▶ [Collected data entries]:

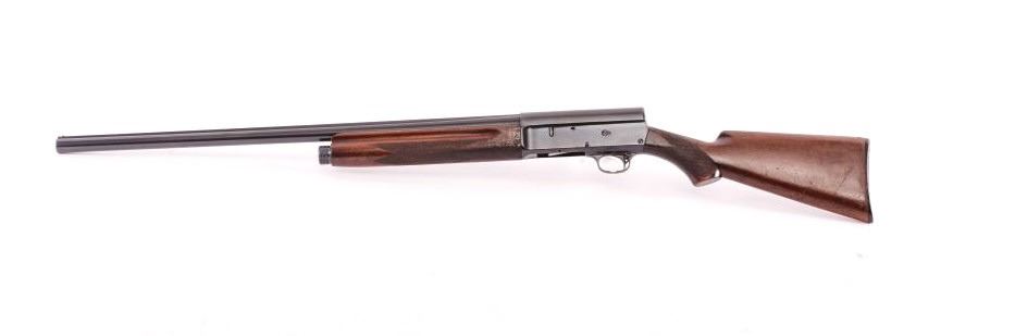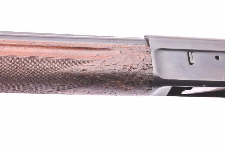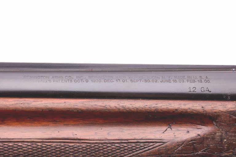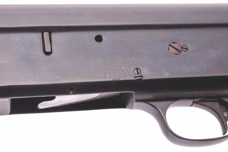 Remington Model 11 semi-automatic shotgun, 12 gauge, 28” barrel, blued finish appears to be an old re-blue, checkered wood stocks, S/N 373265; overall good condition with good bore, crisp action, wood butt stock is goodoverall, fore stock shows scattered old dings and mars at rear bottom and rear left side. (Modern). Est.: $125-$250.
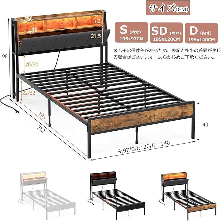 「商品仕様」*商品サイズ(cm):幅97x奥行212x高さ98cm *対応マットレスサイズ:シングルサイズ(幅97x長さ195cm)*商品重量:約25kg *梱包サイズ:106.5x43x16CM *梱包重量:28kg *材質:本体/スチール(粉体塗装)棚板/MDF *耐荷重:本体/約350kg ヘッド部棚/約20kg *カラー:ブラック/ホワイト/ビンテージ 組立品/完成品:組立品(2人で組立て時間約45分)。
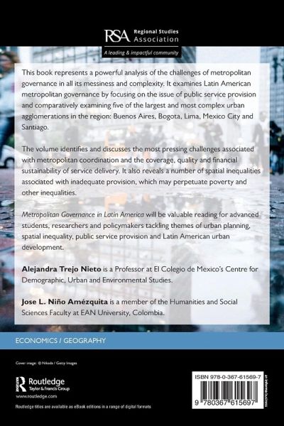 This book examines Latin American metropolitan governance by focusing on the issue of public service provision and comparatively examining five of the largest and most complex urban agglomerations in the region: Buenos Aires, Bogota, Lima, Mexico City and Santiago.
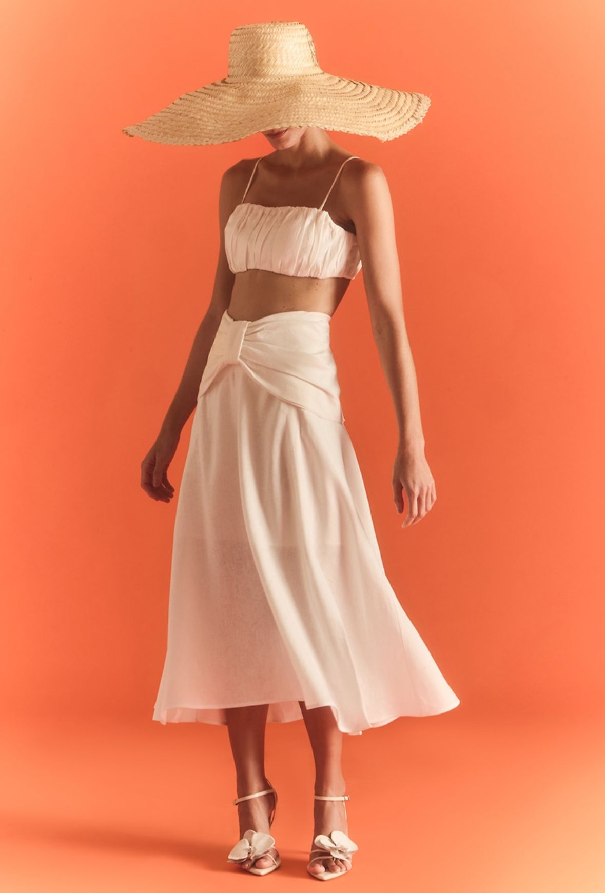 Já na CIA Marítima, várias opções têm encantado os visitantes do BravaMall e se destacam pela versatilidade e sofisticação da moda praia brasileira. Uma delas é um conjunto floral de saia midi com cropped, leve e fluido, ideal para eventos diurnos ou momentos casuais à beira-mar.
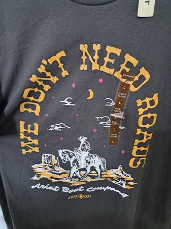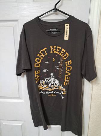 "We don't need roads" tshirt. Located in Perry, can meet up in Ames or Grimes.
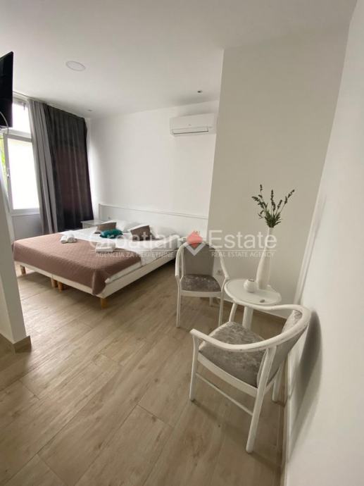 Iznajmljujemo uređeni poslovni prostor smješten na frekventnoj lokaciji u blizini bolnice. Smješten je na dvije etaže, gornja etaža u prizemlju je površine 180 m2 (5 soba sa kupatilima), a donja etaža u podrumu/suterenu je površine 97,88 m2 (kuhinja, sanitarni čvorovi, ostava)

▶ [INSTRUCTIONS TO FOLLOW]:
An exact printout of the entries is wanted, covering the first line through the line holding "ヘッド部棚/約20kg *カラー:ブラック/ホワイト/ビンテージ 組立品/完成品:組立品(2人で組立て時間約45分)。", with pictures kept out of it.

▶ [EXERCISE SOLUTION]:
 Remington Model 11 semi-automatic shotgun, 12 gauge, 28” barrel, blued finish appears to be an old re-blue, checkered wood stocks, S/N 373265; overall good condition with good bore, crisp action, wood butt stock is goodoverall, fore stock shows scattered old dings and mars at rear bottom and rear left side. (Modern). Est.: $125-$250.
 「商品仕様」*商品サイズ(cm):幅97x奥行212x高さ98cm *対応マットレスサイズ:シングルサイズ(幅97x長さ195cm)*商品重量:約25kg *梱包サイズ:106.5x43x16CM *梱包重量:28kg *材質:本体/スチール(粉体塗装)棚板/MDF *耐荷重:本体/約350kg ヘッド部棚/約20kg *カラー:ブラック/ホワイト/ビンテージ 組立品/完成品:組立品(2人で組立て時間約45分)。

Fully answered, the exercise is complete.